SOURCE DATA

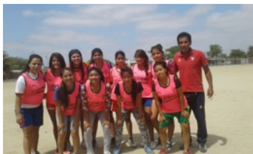
Equipación de Equipo Femenino
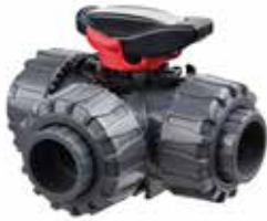
Robinet à tournant sphérique à 3 voies TKD Dimensions : 1 à 2 pouces
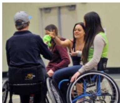
Les pairs mentors peuvent offrir du support émotionnel et des conseils pratiques pour vivre avec une LME. 12

Les travailleurs sociaux se spécialisent pour fournir des ressources communautaires, du support et des conseils liés au rétablissement des troubles mentaux et peuvent aider à planifier les soins après l'hospitalisation.
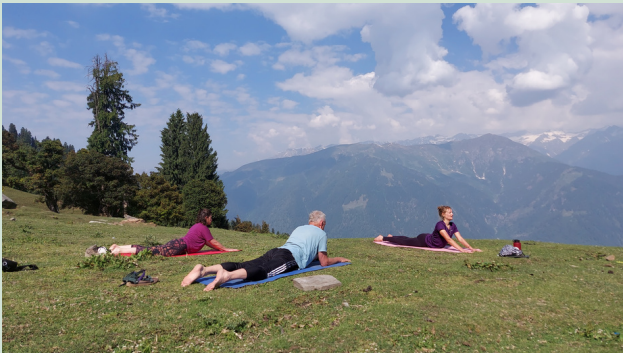
MANALI YOGA TREKKING
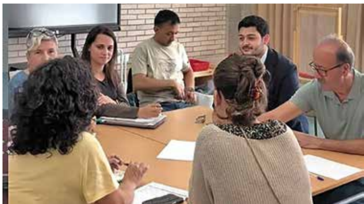
REUNIÓ. El claustre de l'escola i l'alcalde celebren l'ajut per millorar el centre AJP
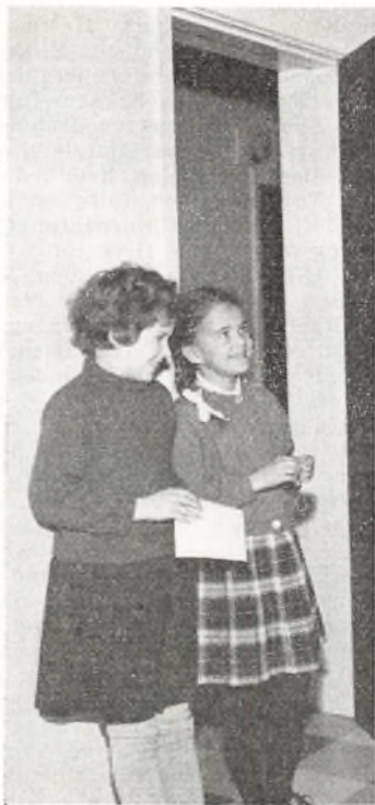
»Åh — det lettede vel nok!«

fået arrangeret en stor udstilling i menighećshjemmet. Skolens klasser var inviteret og besøgte udstillingen klassevis. Foruden gennemgang af udstillingens bøger så man film og deltog i konkurrencer med bøger som præmier.
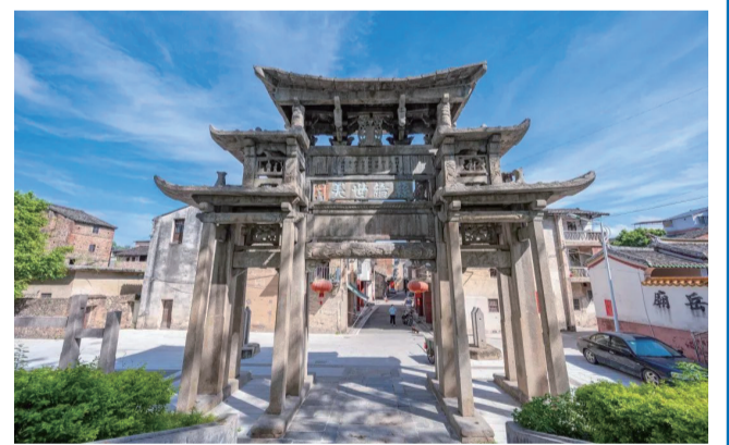
梅江區中山路。

本報訊(記者劉曉娟)6月8日，省政府門戶網站公布了《廣東省人民政府關於公布第四批廣東省歷史文化街區名單的通知》(以下簡稱《通知》)，梅州市、江門市、陽江市、清遠市四地共6處街區入選第四批廣東省歷史文化街區名單。其中，梅州3處歷史文化街區入選，分別是大埔縣百侯鎮侯
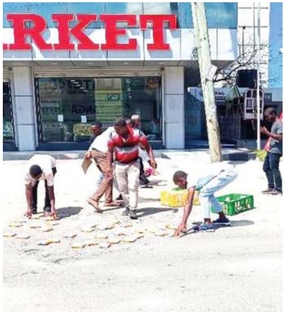
Wananchi wakisaidia kukusanya maziwa yaliyomwagika barabarani kutoka kwenye gari ndogo la kubebea bidhaa hiyo, katika Barabara ya Chang'ombe, jijini Dar es Salaam jana.

Mkuu wa wilaya Mwaipopo aliwataka wafanyabiashara wenye tabia ya kukwepa kulipa mapato ya serikali kuacha mara moja na badala yake wawe wazalendo wa kupenda nchi yao kwani fedha wanazolipa ndizo zinafanya maendeleo ya nchi ikiwamo ujenzi wa miundombinu ya barabara, hospitali, huduma za maji na mambo mengine mengi.
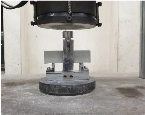
그림 1. 압축, 휨강도 테스트

그림 1은 자기 수평 모르타르의 압축 및 휨강도를 측정하는 기준이며, 그림 2는 폴리머의 혼입률에 따른 압축 및 휨강도의 결과값으로 폴리머의 혼입률이 증가함에 따라 압축강도는 저하되고, 휨강도는 증가하는 것으로 측정되었다. 그림 3은 부착강도를 측정하는 기준이며, 그림 4와 같이 부착강도의 측정값을 확인할 수 있다. 폴리머의 혼입률이 증가함에 따라 부착강도는 증가되는 것으로 측정되었고, 3종류 실험체 모두 KS F 4041에서 규정하는 품질을 확보한 것으로 확인할 수 있다.

WHAT IS NEEDED
Filter the listing above so that only lines holding the word "conseils" remain, and report those lines.

THE ANSWER
Les pairs mentors peuvent offrir du support émotionnel et des conseils pratiques pour vivre avec une LME. 12
Les travailleurs sociaux se spécialisent pour fournir des ressources communautaires, du support et des conseils liés au rétablissement des troubles mentaux et peuvent aider à planifier les soins après l'hospitalisation.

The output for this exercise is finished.